Disabled Farmers Farm With Help From Their Friends

Disabled Farmers Farm With Help From Their Friends
People overcome obstacles to lead productive lives on the farm.

Nellie Bell was proud to introduce her mom and dad last year when she got the chance. And she had the chance, often to large audiences, because she served as an Indiana State FFA officer in 2010-2011. The Hagerstown FFA stand-out, coached in high school by Don Sturgeon, became a hero to thousands of FFA members who looked up to her across Indiana.

She has her own hero, her parents. And she ahs a special story to tell about her dad, Ed Bell. Often, he tells the story himself at meetings, such as the AgrAbility Conference in Indianapolis recently. Ed is a farmer, and for years has specialized in growing produce, particularly strawberries and u-pick strawberries, on his farm near Hagerstown.

But he's more than a farmer. He's also an example of someone who suffered a disabling injury but persevered. He suffered a spinal cord injury at the age of 21 that left him a T-1 paraplegic. He has been open to using equipment developed by specialty companies and universities to help people like him, and has often spoken about his situation and what he's learned, hoping ot help other people who might find themselves in similar situations.

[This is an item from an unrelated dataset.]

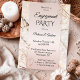 Eine romantische Einladung zur Verlobung mit Rose-goldenen Wirbel auf einem rot rosa mit Marmorhintergrund mit festlichen Glitzern.

Modifications he made with the help of friends and family in the early days after his accident so that he could continue farming included installing hand controls and high-back seats with seat belts on his tractors. He uses a wheelchair for mobility both on and off the farm.

Life changed, but he continually moved forward. It's a message many disabled farmers who decided to continue farming and took advantage from friends, neighbors and programs like AgrAbility can tell. When Ed first started visiting with the staff from Purdue University, led by Bill Field, the program was Breaking New Ground. Purdue continues the effort under that name, but is also one of the leading resources for AgrAbility, which is now a national program funded by Congress under the farm bill.

His daughter didn't have to look too far for inspiration. That served her well as she traveled the state meeting with FFA members a year ago. She is now pursuing her education.